### Problem to solve
Below, find the line containing "Autoregressive Language Models)为代表。" and the line containing "- 更深刻理解React的原"; reproduce exactly those two and every line between them, omitting pictures.

### Data supplied

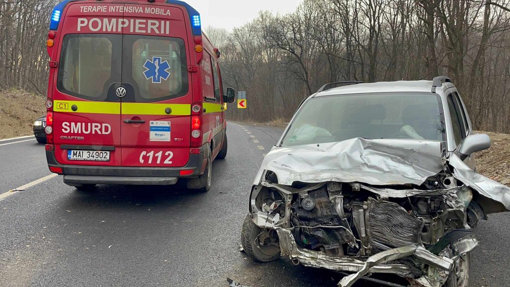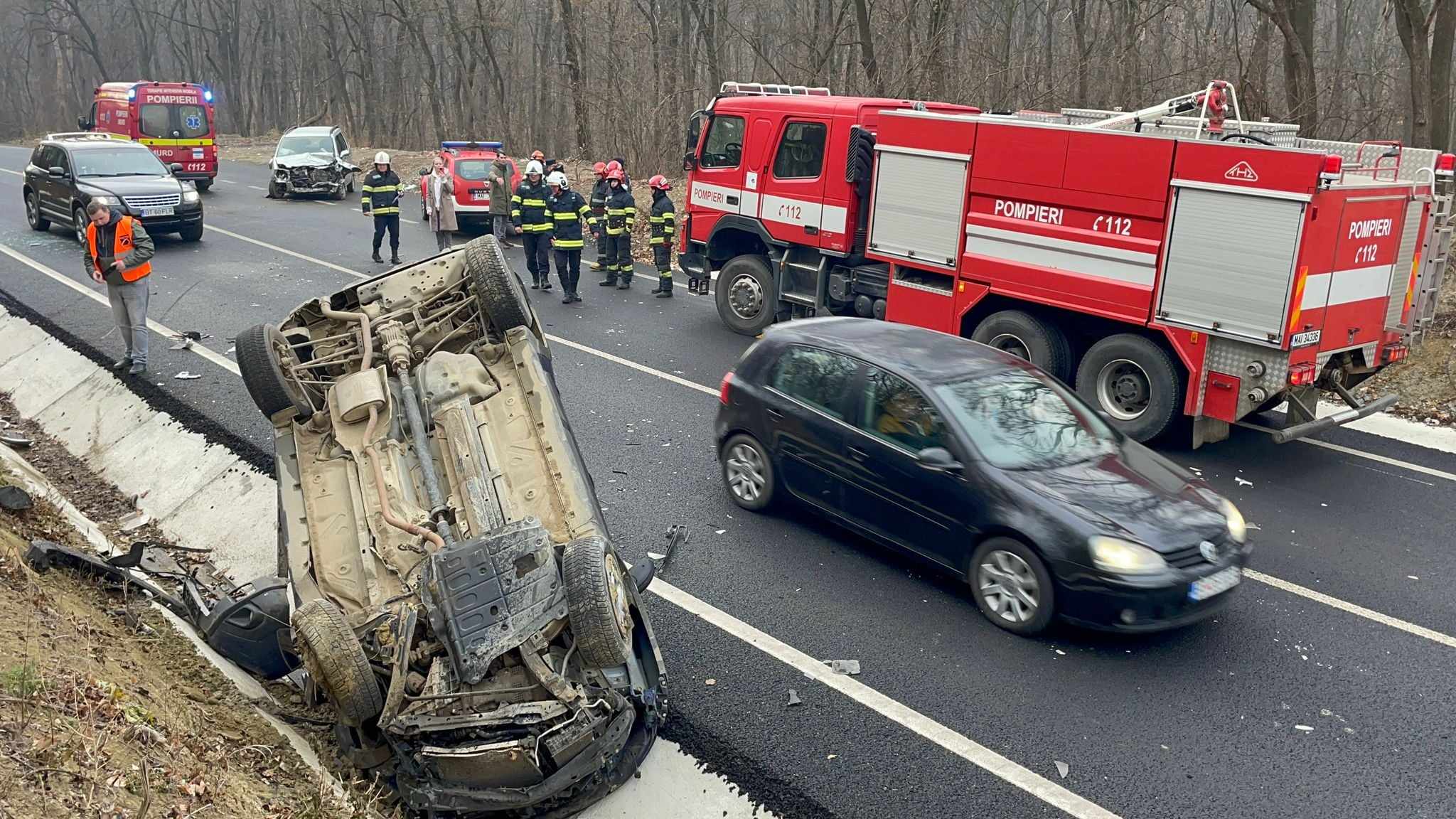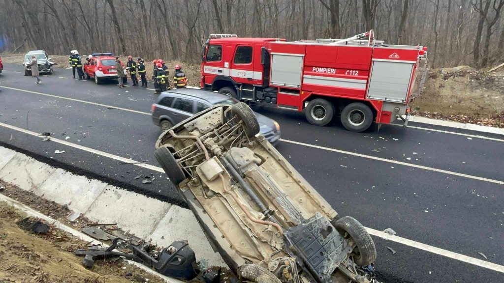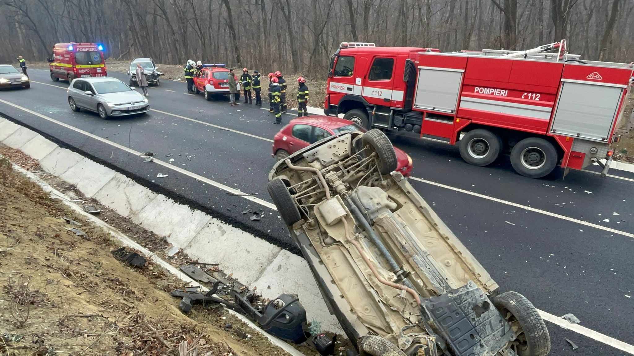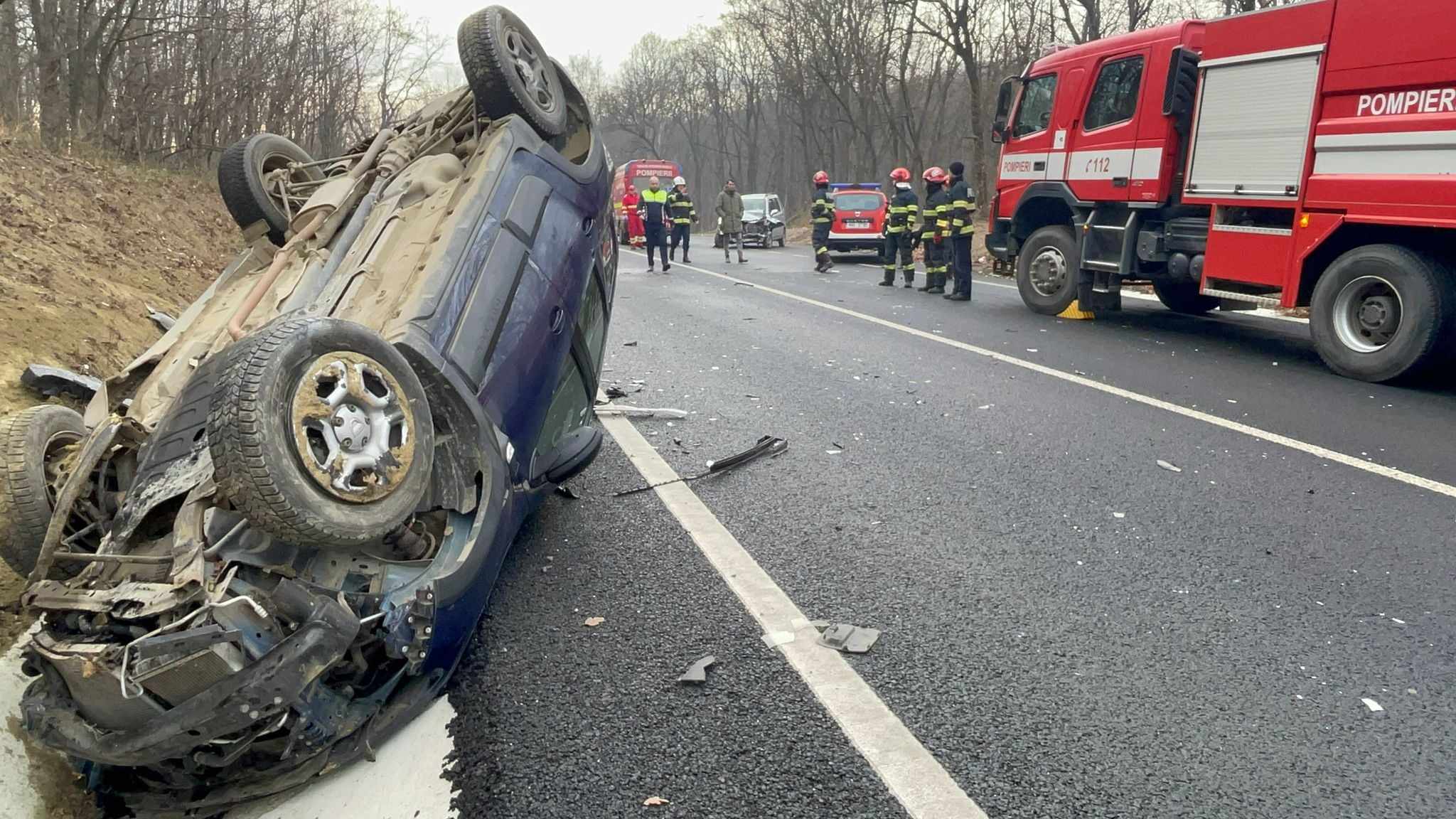 Potrivit acestuia, în accident au fost implicate două autoturisme, dintre care unul s-a răsturnat în afara părţii carosabile.
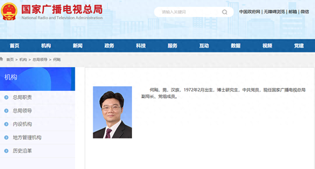 近日,国家广播电视总局官网“总局领导”栏目更新显示,何飚已任国家广播电视总局副局长、党组成员。
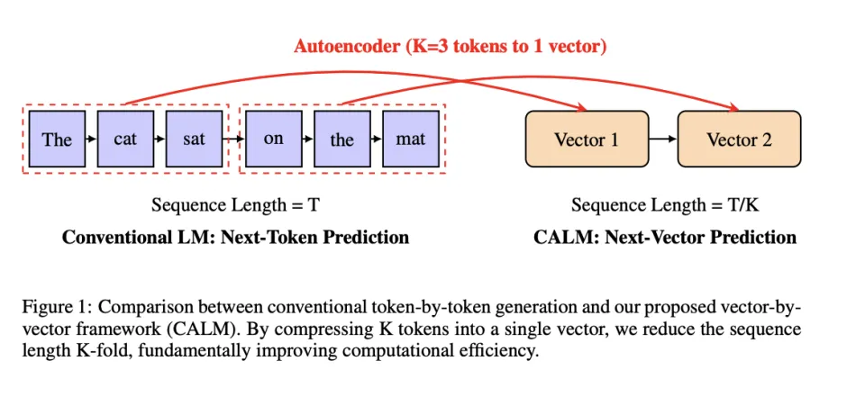 除了在传统的Token层面优化注意力,2025年的另一个重要趋势是打破离散Token的限制,向连续空间(Continuous Space)演进。这以“大型概念模型”(Large Concept Models, LCM)和腾讯的CALM(Continuous Autoregressive Language Models)为代表。
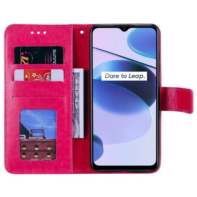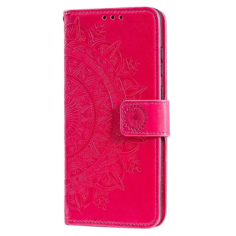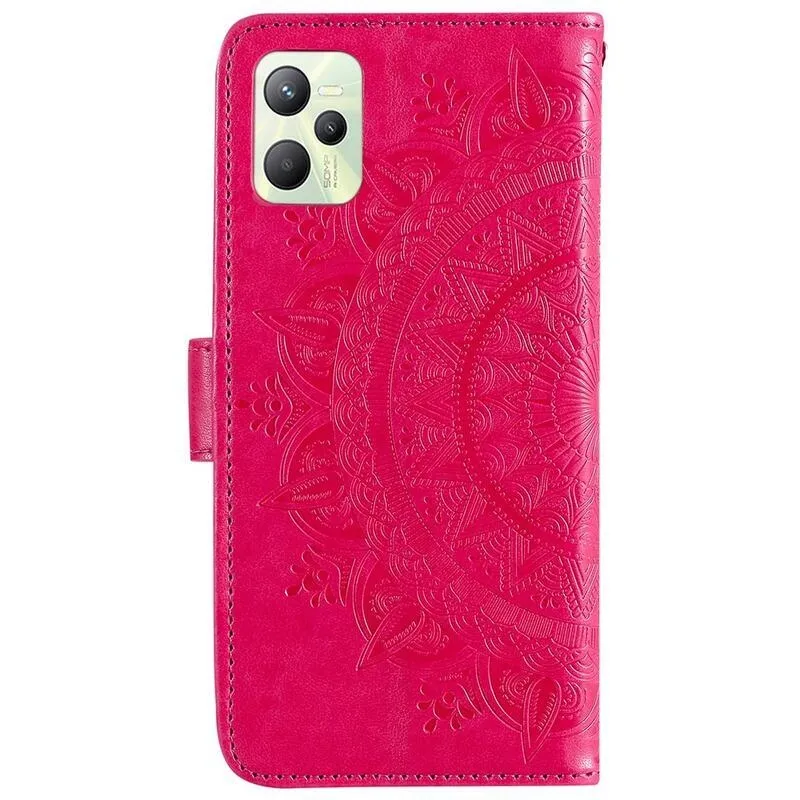 Mandala PU bőr pénztárca tok mobiltelefonhoz Realme C35 - piros
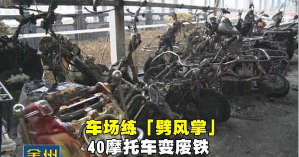 中国陕西安康汉阴县一名男孩,上周三在公共停车场用蜡烛练习「劈风掌」,结果离开时没有扑灭火苗,造成40多辆摩托车、电动车被烧成废铁。
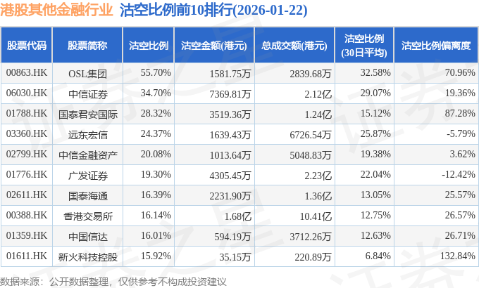 从沽空比例来看,OSL集团、中信证券、国泰君安国际沽空比例位居行业前三,分别为55.7%、34.7%、28.32%。
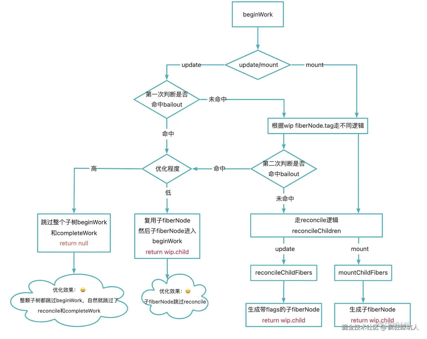 - 更深刻理解React的原理,包括渲染流程、Diff算法、bailout策略和hooks等。
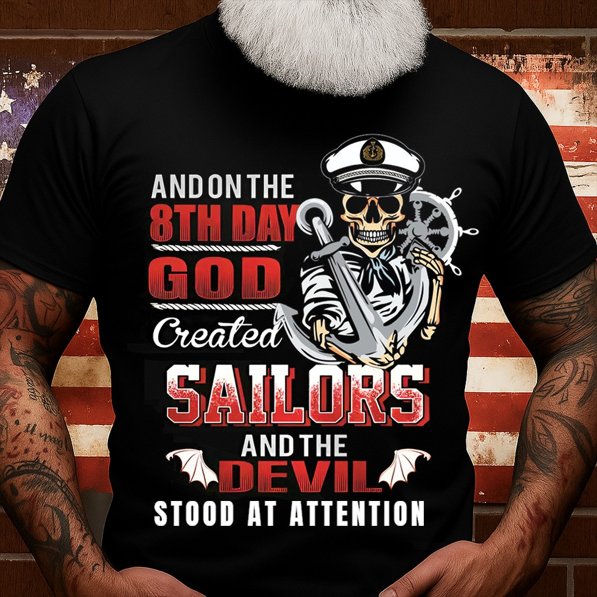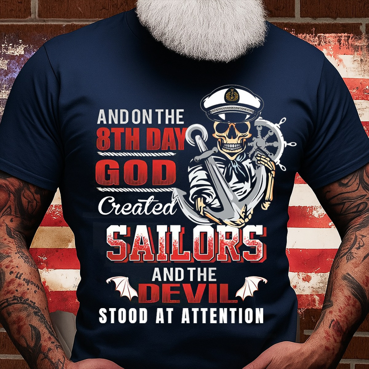 $29.99 – $35.99Price range: $29.99 through $35.99Skull Anchor Navy Sailor Veteran T-Shirt On the 8th Day God Stood At Attention Shirt For Men

### Answer to this task
 除了在传统的Token层面优化注意力,2025年的另一个重要趋势是打破离散Token的限制,向连续空间(Continuous Space)演进。这以“大型概念模型”(Large Concept Models, LCM)和腾讯的CALM(Continuous Autoregressive Language Models)为代表。
 Mandala PU bőr pénztárca tok mobiltelefonhoz Realme C35 - piros
 中国陕西安康汉阴县一名男孩,上周三在公共停车场用蜡烛练习「劈风掌」,结果离开时没有扑灭火苗,造成40多辆摩托车、电动车被烧成废铁。
 从沽空比例来看,OSL集团、中信证券、国泰君安国际沽空比例位居行业前三,分别为55.7%、34.7%、28.32%。
 - 更深刻理解React的原理,包括渲染流程、Diff算法、bailout策略和hooks等。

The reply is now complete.